- [What to produce]: Look in the data below for the line that has "Ausstattung: - 122m²", then print exactly every line from there through the line that has "일상적 원인보다는 신경·대사 이상 가능성이 높아 정확한 진단이 요구됩니다.", leaving pictures out.

- [Provided data]:

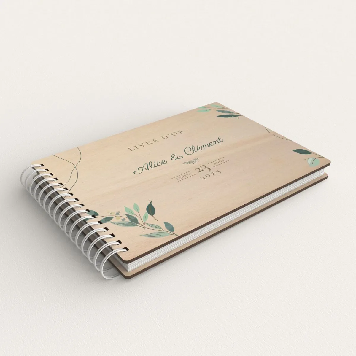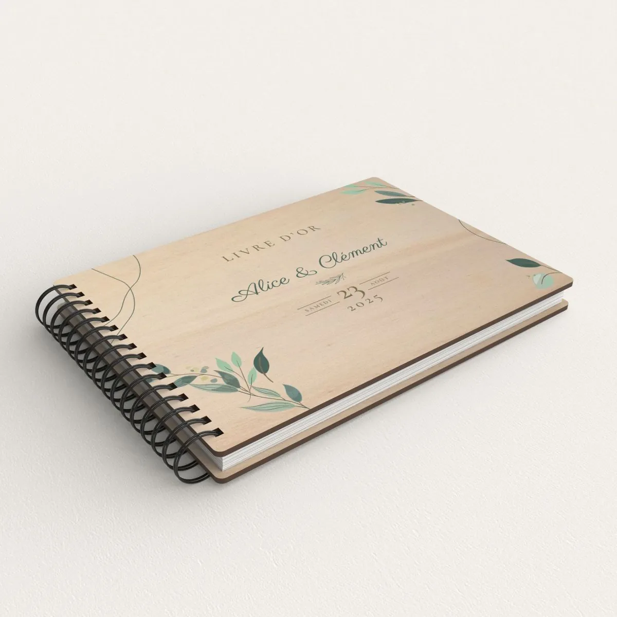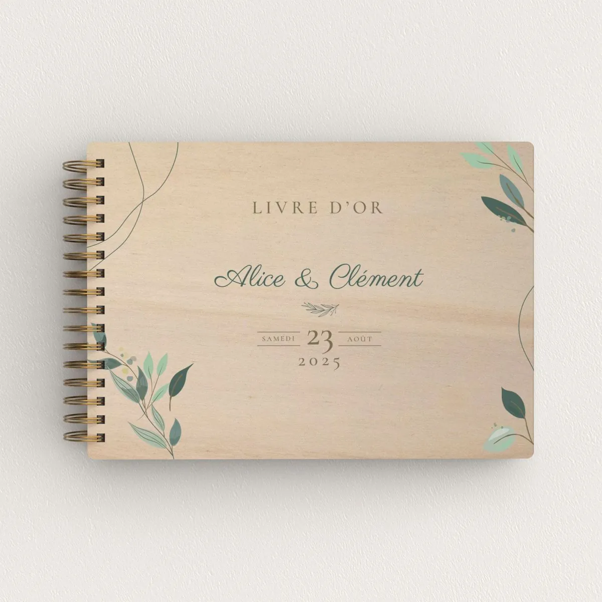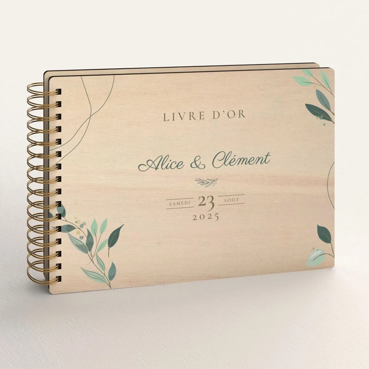 Nous vous proposons un livre d’or imprimé sur bois véritable. « Natural » : l’esprit d’un faire-part que nous avons voulu plein de fraicheur avec sa végétation aux verts tendres et ses courbes, parsemé de notes de couleur or ancien pour un esprit chic et festif.
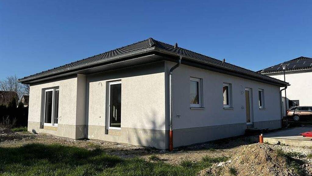 Ausstattung: - 122m² Wohnfläche: 2 Schlafräume, Gäste-WC, Küche, Bad, Wohnzimmer, Diele - Effizienzklasse: KfW 40 - sparsame Luft-Wasser-Wärmepumpe, Warmwasserspeicher - Fußbodenheizung - engobierte Tondachsteine - weiße Kunststofffenster mit 6 Kammerprofil, innen weiß und außen basaltgrau Hebeschiebeelement im Wohnzimmer - Rollläden an allen Fenstern - bodengleiche Dusche im Bad mit Edelstahl Duschrinne - Malerarbeiten mit weißem Anstrich - Sanitärausstattung weiß - Innentüren weiß
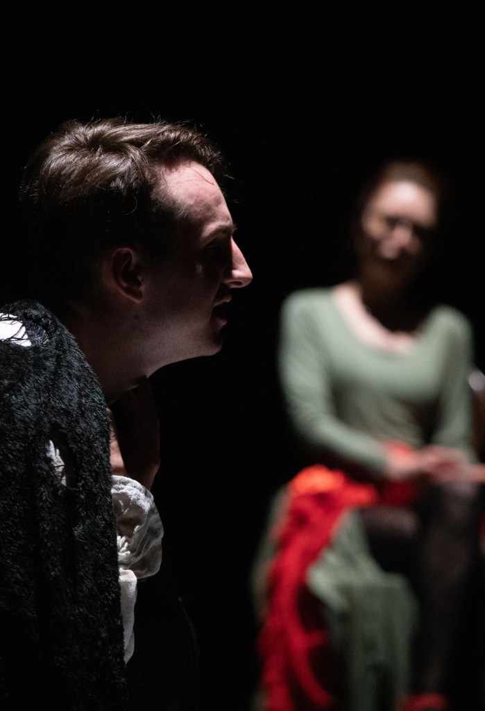Of the minimal props, there are pillows in the opening minutes but their contrasting softness is of little or no comfort, whether on which to lay a tormented head or clutch to a body, and they cannot reach a soul. A holey umbrella and later, bodkin (of course), enhance. Metal pails, floppy, clothed dolls and water give us an intriguing (and shocking) conceptual portrayal, and of equal visual and psychological effect, is the running use of colour; notably black, white and splashes of red, with all their connotations, and the eye being attracted, not distracted, by one predominantly green costume. There are other nice touches for what would be traditional key moments but not to give too much away.
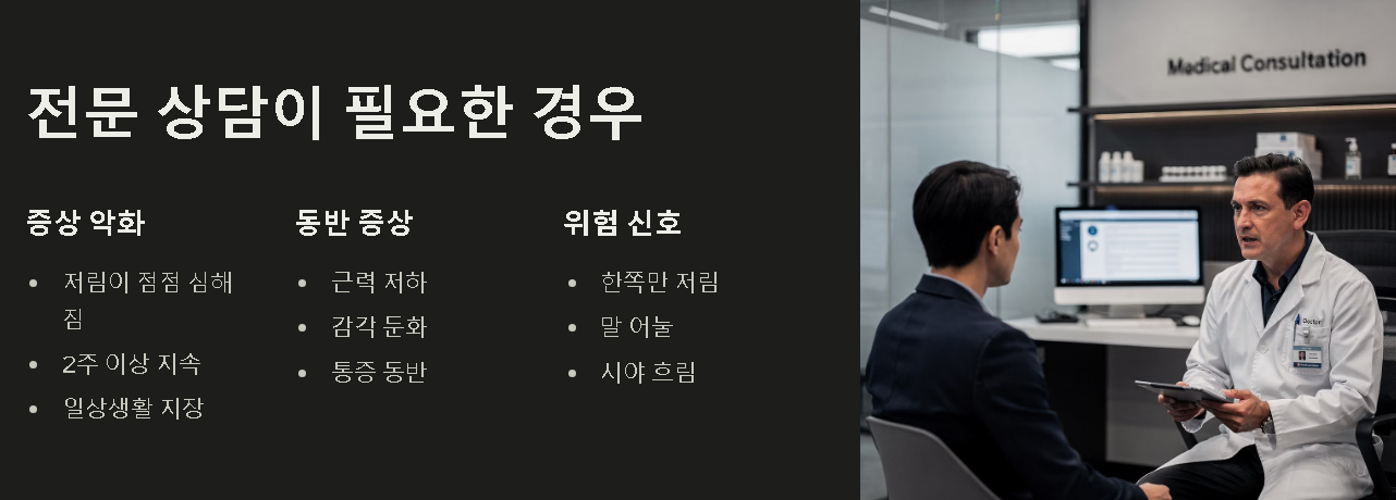 일상적 원인보다는 신경·대사 이상 가능성이 높아 정확한 진단이 요구됩니다.
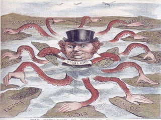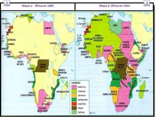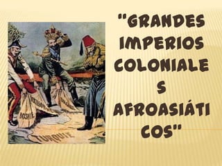 El documento resume la situación de los grandes imperios coloniales europeos en África y Asia a finales del siglo XIX. Menciona que potencias como Inglaterra, Francia, España, Portugal y Alemania establecieron colonias en África y Asia para obtener materias primas y mercados para sus productos industriales. También describe la Conferencia de Berlín de 1884-1885, donde estas potencias acordaron reglas para dividirse África y regular la competencia colonial. Finalmente, resume brevemente los enfoques del Imperio Británico y Franc

- [Written response]:
 Ausstattung: - 122m² Wohnfläche: 2 Schlafräume, Gäste-WC, Küche, Bad, Wohnzimmer, Diele - Effizienzklasse: KfW 40 - sparsame Luft-Wasser-Wärmepumpe, Warmwasserspeicher - Fußbodenheizung - engobierte Tondachsteine - weiße Kunststofffenster mit 6 Kammerprofil, innen weiß und außen basaltgrau Hebeschiebeelement im Wohnzimmer - Rollläden an allen Fenstern - bodengleiche Dusche im Bad mit Edelstahl Duschrinne - Malerarbeiten mit weißem Anstrich - Sanitärausstattung weiß - Innentüren weiß
Of the minimal props, there are pillows in the opening minutes but their contrasting softness is of little or no comfort, whether on which to lay a tormented head or clutch to a body, and they cannot reach a soul. A holey umbrella and later, bodkin (of course), enhance. Metal pails, floppy, clothed dolls and water give us an intriguing (and shocking) conceptual portrayal, and of equal visual and psychological effect, is the running use of colour; notably black, white and splashes of red, with all their connotations, and the eye being attracted, not distracted, by one predominantly green costume. There are other nice touches for what would be traditional key moments but not to give too much away.
 일상적 원인보다는 신경·대사 이상 가능성이 높아 정확한 진단이 요구됩니다.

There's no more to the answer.